Myakka River. Forty-five minutes south of Sarasota and one of the largest parks in the system, Myakka is where you go to understand what Florida looked like before subdivisions. Twelve miles of wet prairie and palm hammock, a canopy walkway 25 feet up in the live oaks, and an alligator population on the lower lake that does not require effort to find. Around $6 per vehicle. The airboat tour is fine but the better move is the walking loop at the weir at dawn. Avoid July and August unless you have a real tolerance for mosquitoes.

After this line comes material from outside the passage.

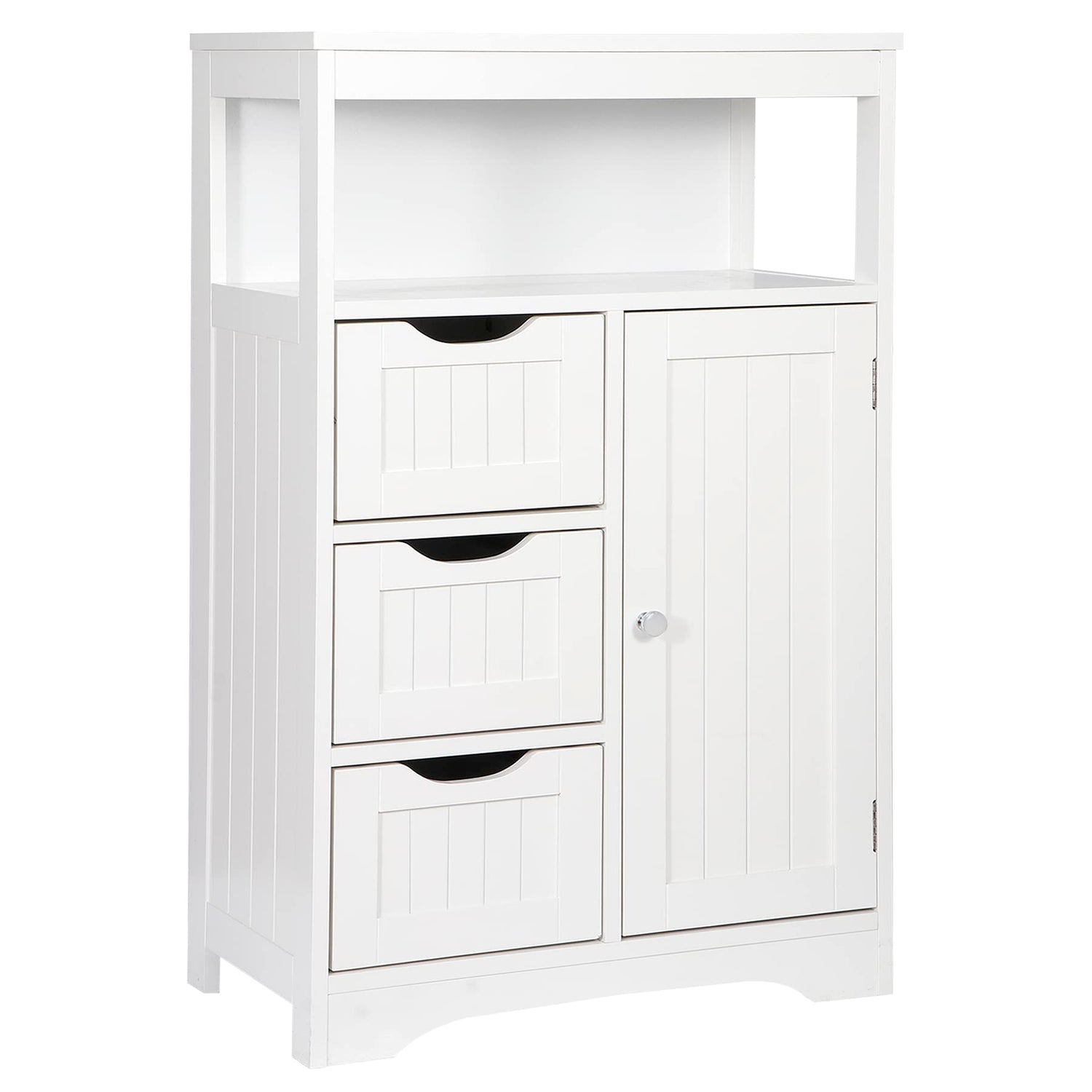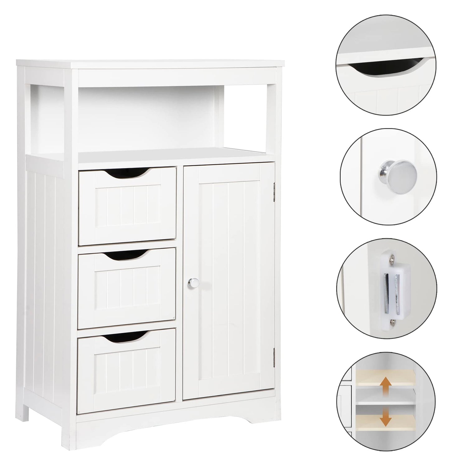 ZENY Modern White Wooden Bathroom Floor Cabinet with Adjustable Shelves and 3 Drawers

Lovers Key. Between Fort Myers Beach and Bonita Springs, Lovers Key is a chain of barrier islands that for years was reachable only by boat — the bridges came later, which is why the beach still feels like the back end of something. Bottlenose dolphins work the pass off the south end with reliability, and the manatee viewing platform on Estero Bay is a quieter alternative to the better-known winter spots. Around $8 per vehicle. The recent visitor center is genuinely useful, which is not always true of newer park infrastructure.
The Atlantic coast and the Keys
Anastasia. Across the Bridge of Lions from downtown St. Augustine, Anastasia covers four miles of Atlantic beach plus a tidal salt marsh that backs into the old coquina quarry — the same coquina that built the Castillo de San Marcos in the 17th century, dug right here. You can drive onto a stretch of the beach, which is either appealing or appalling depending on your priors. Around $8 per vehicle. Pair it with a morning in the historic district and you've justified the trip; treating it as a standalone destination undersells what's around it.
Bahia Honda. Mile marker 37 in the Lower Keys, about two and a half hours south of Miami. The Calusa and Sandspur beaches are the closest thing in the continental US to Caribbean water — a function of the offshore reef, the lack of river outflow, and the sand grain size — and the old Flagler rail bridge frames the view from the south end. Around $8 per vehicle. The truthful caveat: hurricane damage and shifting sand have closed Sandspur intermittently in recent years, and the park's reef snorkel concession runs on a schedule that does not always match what's posted online. Call the day before.
One more thing
If you're going to visit more than three of these in a calendar year, the annual Florida State Parks pass pays for itself fast — it runs around $60 for an individual and covers entry at all 175 parks for the holder and passengers. Buy it at the first gate you stop at. Beyond the math, the better reason to plan ahead is that the most rewarding parks in this state are the ones you visit at the wrong time of day for the average tourist: the springs at 9 a.m. in February, the Gulf beaches an hour before sunset in October, the river hammocks in the half-hour after a summer thunderstorm clears. The parks haven't changed much in 90 years. The trick is showing up when the crowd hasn't.